__WHAT YOU HAVE TO DO__
Please return exactly the lines below that run from the line with "(٣٣٠) - (٠٠)" through the end of the listing, both included, but not the pictures.

__INFORMATION PROVIDED__
--- --- ---
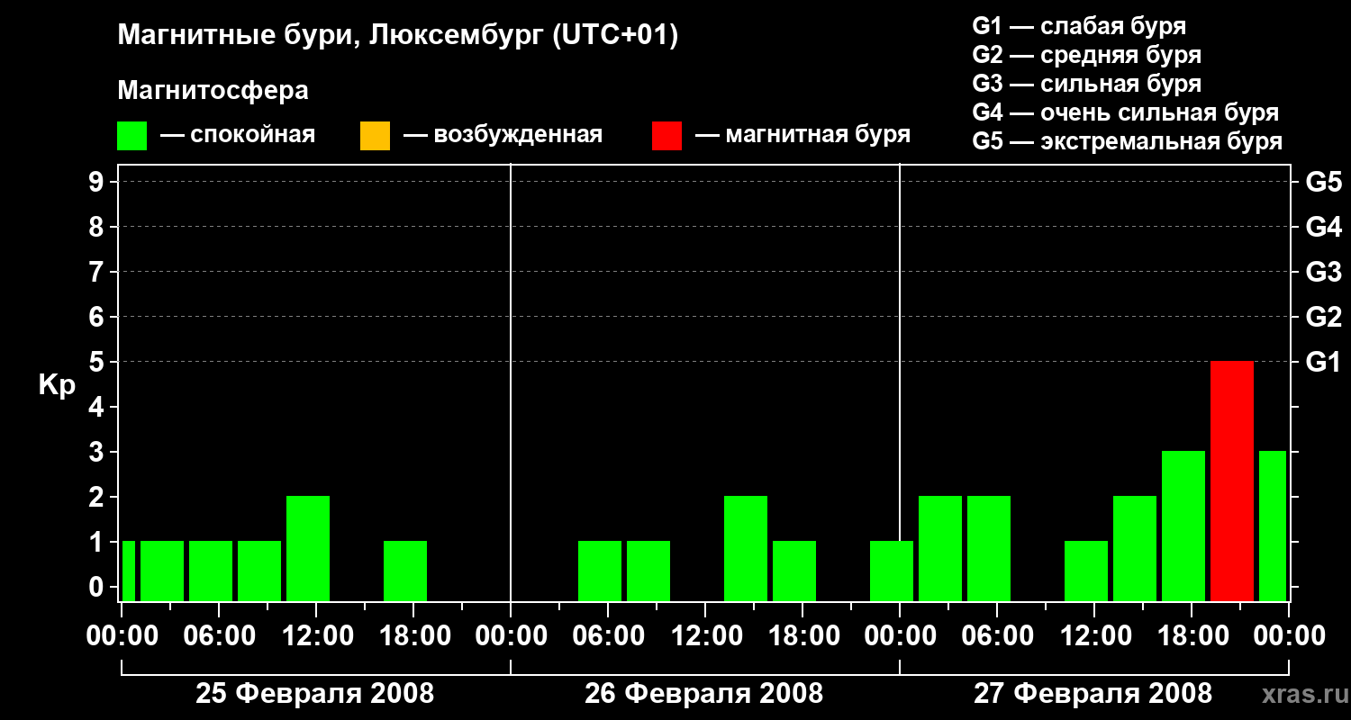 Магнитные бури в Люксембурге — 27 февраля 2008 года
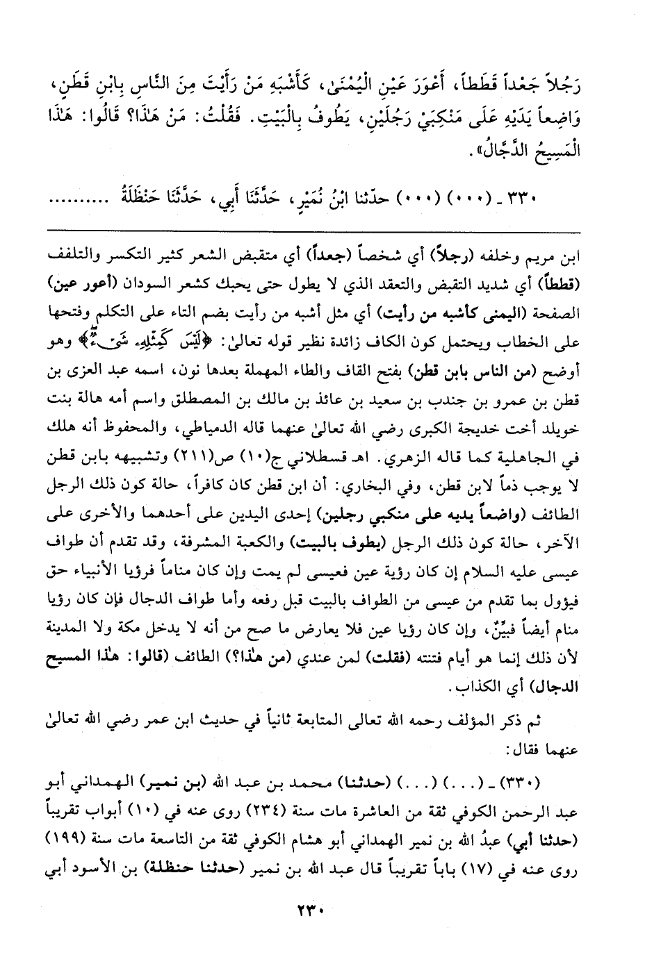 (٣٣٠) - (٠٠) (٠٠) (حدثنا) محمد بن عبد الله (بن نمير) الهمداني أبو عبد الرحمن الكوفي ثقة من العاشرة مات سنة (٢٣٤) روى عنه في (١٠) أبواب تقريبًا (حدثنا أبي) عبدُ الله بن نمير الهمداني أبو هشام الكوفي ثقة من التاسعة مات سنة (١٩٩) روى عنه في (١٧) بابًا تقريبًا قال عبد الله بن نمير (حدثنا حنظلة) بن الأسود أبي
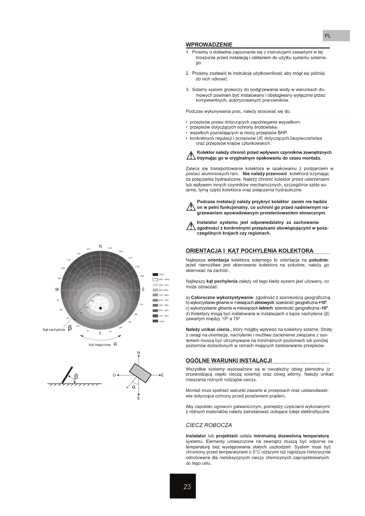 CIECZ ROBOCZA Instalator lub projektant ustala minimalną dozwoloną temperaturę systemu. Elementy umieszczone na zewnątrz muszą być odporne na temperaturę bez występowania stałych uszkodzeń. System musi być chroniony przed temperaturami o 5°C niższymi niż najniższe historycznie odnotowane dla nietoksycznych cieczy chemicznych zaprojektowanych do tego celu. Kąt nachyleniaKąt biegunowy24
--- --- ---
__YOUR RESPONSE__
 (٣٣٠) - (٠٠) (٠٠) (حدثنا) محمد بن عبد الله (بن نمير) الهمداني أبو عبد الرحمن الكوفي ثقة من العاشرة مات سنة (٢٣٤) روى عنه في (١٠) أبواب تقريبًا (حدثنا أبي) عبدُ الله بن نمير الهمداني أبو هشام الكوفي ثقة من التاسعة مات سنة (١٩٩) روى عنه في (١٧) بابًا تقريبًا قال عبد الله بن نمير (حدثنا حنظلة) بن الأسود أبي
 CIECZ ROBOCZA Instalator lub projektant ustala minimalną dozwoloną temperaturę systemu. Elementy umieszczone na zewnątrz muszą być odporne na temperaturę bez występowania stałych uszkodzeń. System musi być chroniony przed temperaturami o 5°C niższymi niż najniższe historycznie odnotowane dla nietoksycznych cieczy chemicznych zaprojektowanych do tego celu. Kąt nachyleniaKąt biegunowy24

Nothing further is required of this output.